What I have found, and what authors are still struggling with, is that readers aren’t where authors hang out (which makes marketing on writer Twitter pretty much useless) but every once in a while a reader may stumble upon one of your Twitter grumps and could actually be offended at the type of content you’re putting out there. An author shouldn’t bring author business into a reader space. It’s not a reader’s responsibility to lift you up if you’re not having a good sales month, and information like that can harm your author reputation and your brand.

Romance readers don’t read this blog and I stopped posting a link to my books years ago.

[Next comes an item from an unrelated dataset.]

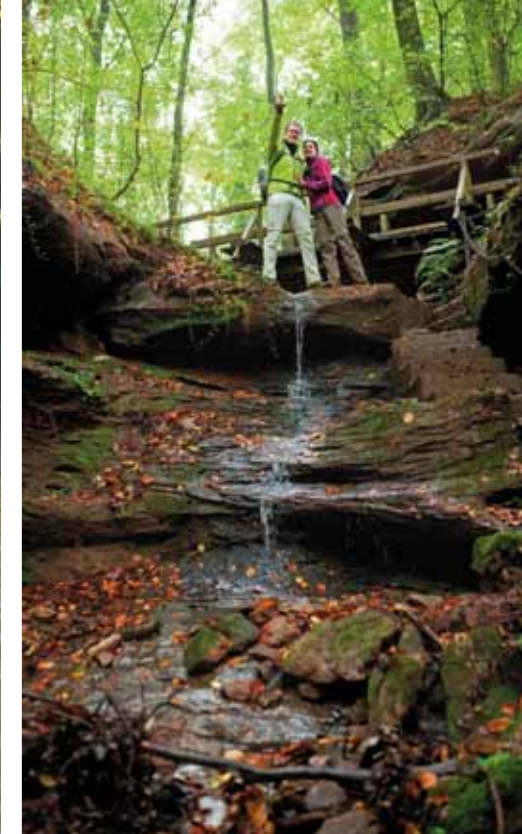
Guldenschlucht (Gulden ravine)

I post the blog links on Twitter and people find my posts using search engines when they are looking for information about independent publishing. I’m not worried about a reader finding this and being offended. I started a different website that I won’t blog on, that will just be a home for my romance books and newsletter signups and nothing more. It’s difficult to keep your writing community and reader space separate, and you may not think they’re separate at all if only your writing friends buy your books.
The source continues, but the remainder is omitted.